Somebody breaking into the shed and stealing that old broken Toyota diff lock actuator I *swear* I'm going to fix at some point and maybe a shovel? Please.

This is why I think there might be a security floor for critical applications, but it should be the user's choice if they really want full 2FA+ with smartphones, biometry, and social security number verification for their random account on once-a-month-visited social network for cats.

Just because I understand precisely why companies do it doesn't mean I need to be happy with it, does it?

By the same logic, you could justify companies tracking their users and selling their personal information: It makes money, and making money is an important part of running a business!

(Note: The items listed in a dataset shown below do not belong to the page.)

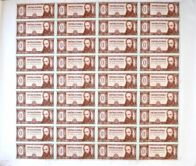 1973. Táncsics 01 "PRÓBA FORMA" előlap kész, hátlap üres, barna nyomat, zöld papír, 36db-os teljes ívben T:I- feltekert, hajtatlan, széleken gyűrűsédekkel Hungary 1973. Táncsics 01 "PRÓBA FORMA" unissued banknote design, front proof, backside empty, brown print on green paper, in sheet of 36 C:AU rolled up, unfolded, creases on the edges Adamo SFT2.2.5
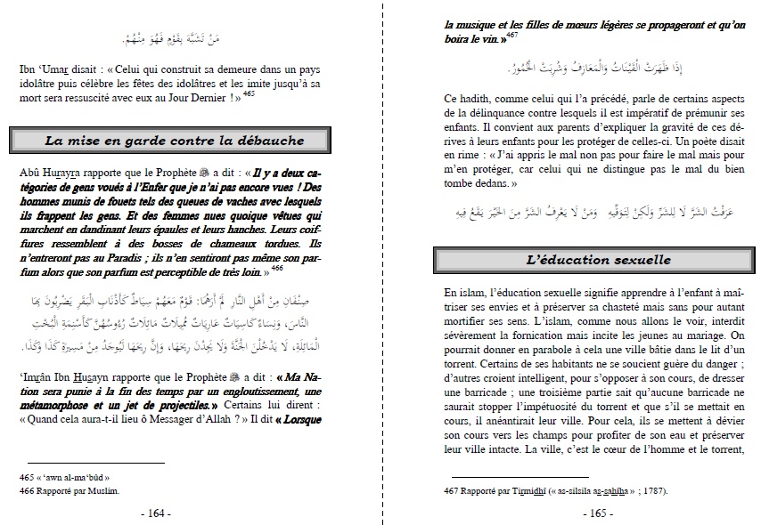 Les hadiths et versets coraniques sont cités en langue arabe vocalisée.
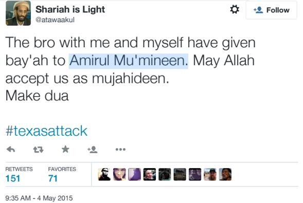 Το μήνυμα έλεγε: «Ο αδερφός κι εγώ δώσαμε όρκο στον αρχηγό των πιστών. Ας μας δεχθεί ο Αλλάχ ως μουτζαχεντίν» και έκλεινε με το hashtag #texasattack.
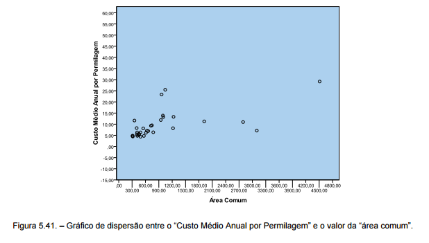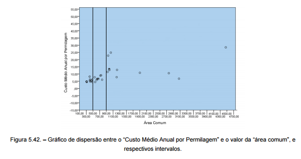 Atentando a figura 5.41., é possível notar uma aglomeração de pontos no lado esquerdo do gráfico, aumentando a sua dispersão à medida que os valores da “área comum” também aumentam. Analisando a tabela onde se encontram os valores das duas variáveis, verifica-se que, salvo raras excepções, quanto maior o valor da “área comum”, maior o valor do “Custo Médio Anual por Permilagem”.
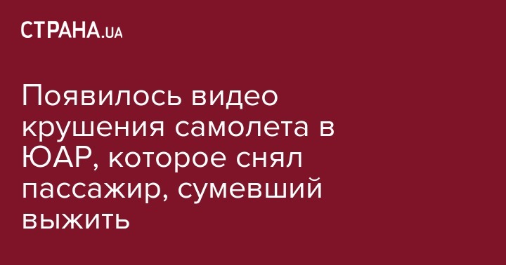 10 июня в ЮАР произошла авиакатастрофа недалеко от аэропорта Вондербум в Претории. Одному из пассажиров удалось записать видео крушения. Он сидел у левого крыла судна и снял загоревшийся двигатель самолёта.
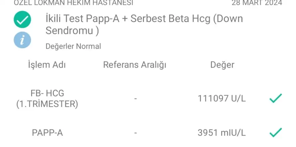 Bu ikili taramada ki kan sonucum. Gecen hafta yaptırdığım. Ama rapor olarak elimde hala bir belge yok. Sadece telde doktorum orta riskli yaştan dolayi dedi.
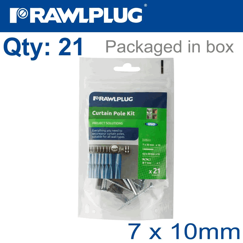 RAWLPLUG Curtain Pole Kit Uno07X10 With Screws And 7Mm Drill Bit
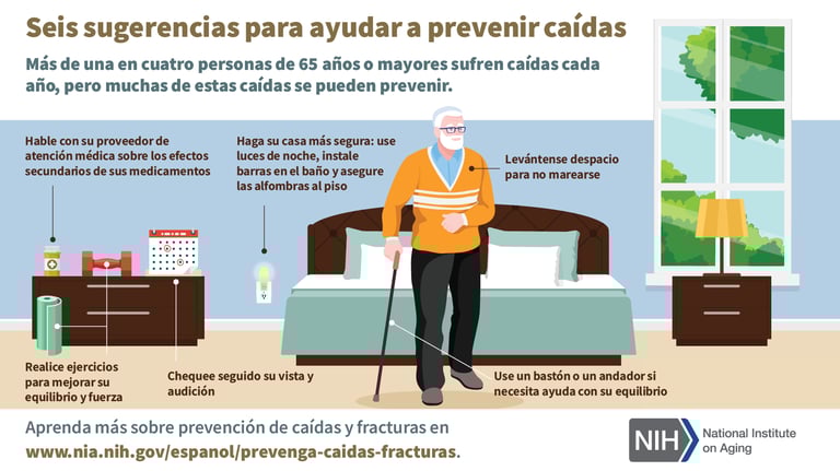 Revisar periódicamente los medicamentos con un médico, ya que algunos aumentan el riesgo de caídas (sedantes, ansiolíticos, antihipertensivos).

Or: "Robocalls with fraudulent caller-IDs make perfect sense for the companies doing them..."
>(2) because few people are going to have access to 100 different phone numbers

There's a plethora of sms verification providers where you can pay a trivial amount (eg. 50 cents) per verification, and have tens/hundreds of phone numbers available. This isn't stopping anyone who's mildly determined.

> There's a plethora of sms verification providers where you can pay a trivial amount (eg. 50 cents) per verification, and have tens/hundreds of phone numbers available. This isn't stopping anyone who's mildly determined.

But that's the point: If you're really determined, nothing's gonna stop you.

How much on the freedom vs. restriction scale do you want to get pushed to the right for "security" before it's too much? Or is it okay, because it's not inconvenient to you?